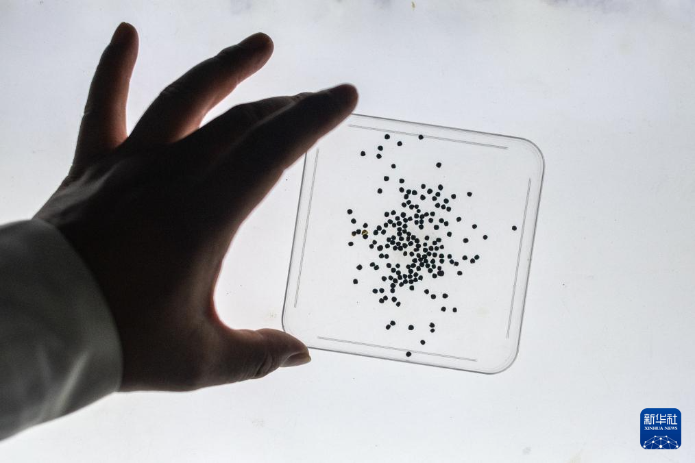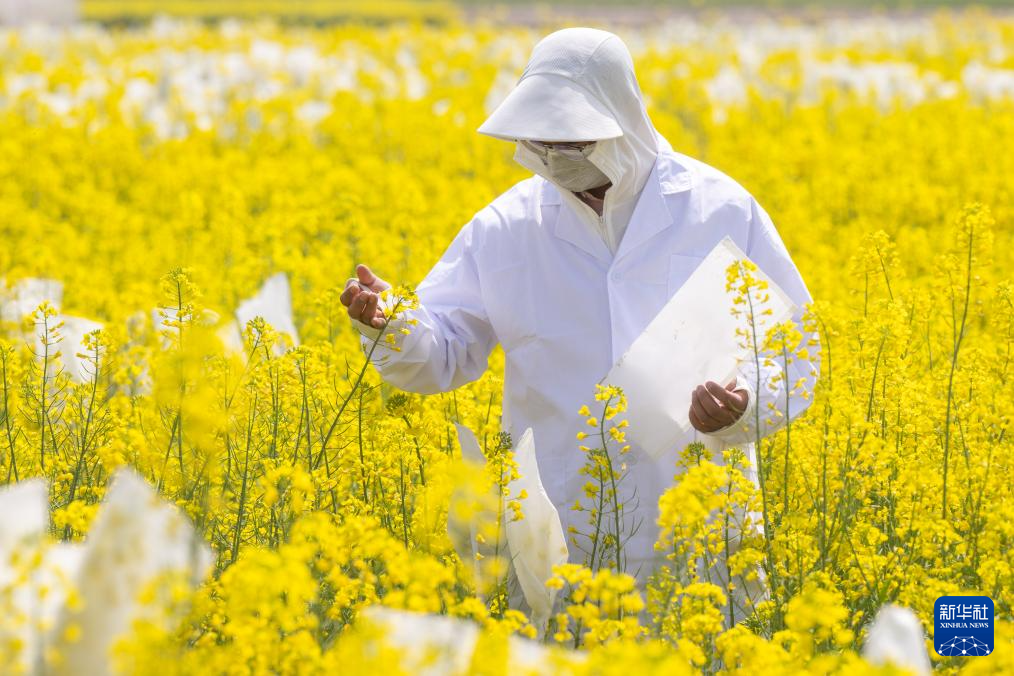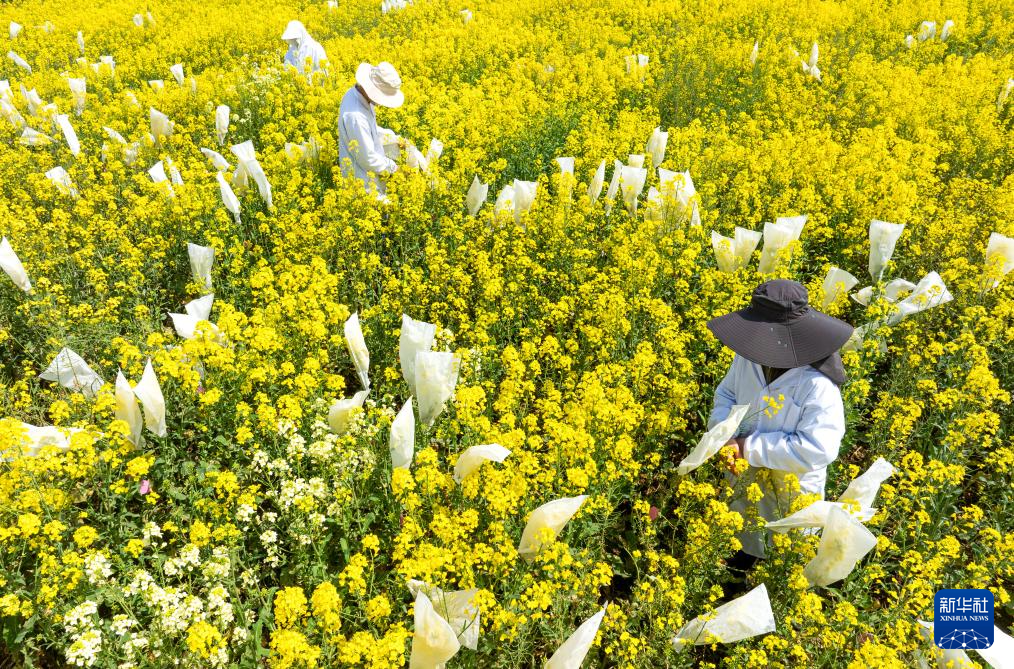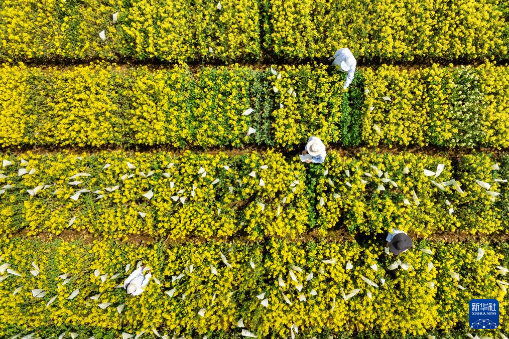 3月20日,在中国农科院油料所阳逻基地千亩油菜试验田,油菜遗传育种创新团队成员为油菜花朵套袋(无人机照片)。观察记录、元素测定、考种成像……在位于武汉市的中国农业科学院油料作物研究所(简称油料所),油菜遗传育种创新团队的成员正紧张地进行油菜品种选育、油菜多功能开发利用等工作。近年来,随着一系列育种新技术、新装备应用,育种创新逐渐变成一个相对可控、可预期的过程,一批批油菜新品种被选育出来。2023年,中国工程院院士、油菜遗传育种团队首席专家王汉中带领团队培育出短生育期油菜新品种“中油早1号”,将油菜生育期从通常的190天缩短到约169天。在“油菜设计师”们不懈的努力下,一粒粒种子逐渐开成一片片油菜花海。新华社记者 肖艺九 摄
************
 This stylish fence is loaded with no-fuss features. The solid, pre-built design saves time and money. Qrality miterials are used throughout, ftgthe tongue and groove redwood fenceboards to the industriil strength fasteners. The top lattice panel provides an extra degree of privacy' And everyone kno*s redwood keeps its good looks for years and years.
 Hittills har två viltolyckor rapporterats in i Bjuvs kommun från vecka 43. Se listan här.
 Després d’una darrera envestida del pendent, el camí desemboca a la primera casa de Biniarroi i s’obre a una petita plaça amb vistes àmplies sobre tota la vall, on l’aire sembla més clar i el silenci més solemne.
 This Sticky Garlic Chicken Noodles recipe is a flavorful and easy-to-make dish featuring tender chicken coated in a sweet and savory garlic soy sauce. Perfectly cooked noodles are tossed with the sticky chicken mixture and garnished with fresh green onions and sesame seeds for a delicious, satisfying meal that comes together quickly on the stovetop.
************
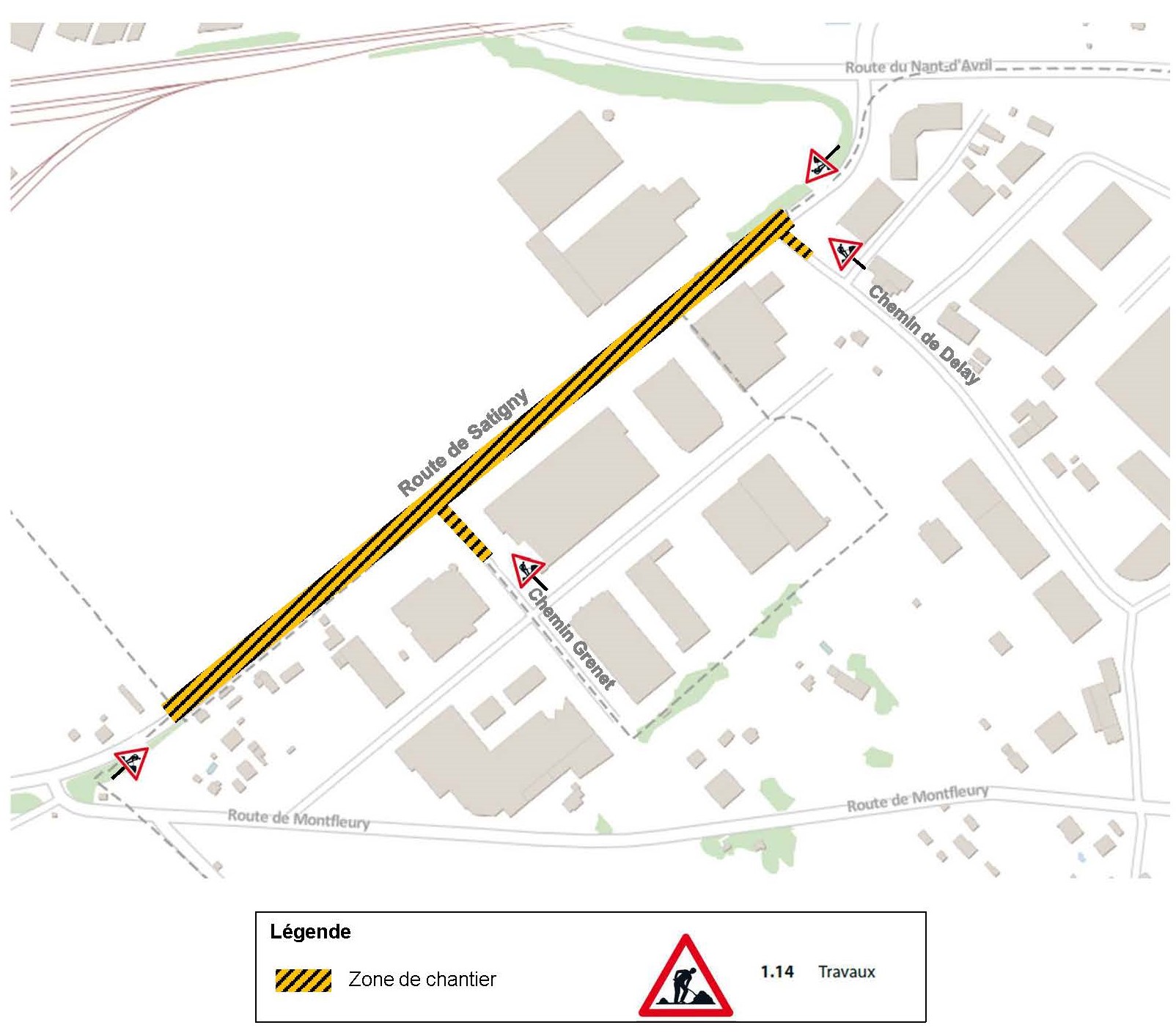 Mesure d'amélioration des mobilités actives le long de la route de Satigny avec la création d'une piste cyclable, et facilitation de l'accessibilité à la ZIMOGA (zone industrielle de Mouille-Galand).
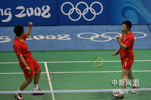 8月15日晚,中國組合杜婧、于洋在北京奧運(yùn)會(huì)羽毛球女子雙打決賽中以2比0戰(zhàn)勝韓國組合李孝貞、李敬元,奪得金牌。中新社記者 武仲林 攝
************
» **What is being asked**
The reply should consist solely of the lines above from the one that has "Hittills har två" through the one that has "Després d’una darrera", reproduced exactly.

» **Solved problem**
 Hittills har två viltolyckor rapporterats in i Bjuvs kommun från vecka 43. Se listan här.
 Després d’una darrera envestida del pendent, el camí desemboca a la primera casa de Biniarroi i s’obre a una petita plaça amb vistes àmplies sobre tota la vall, on l’aire sembla més clar i el silenci més solemne.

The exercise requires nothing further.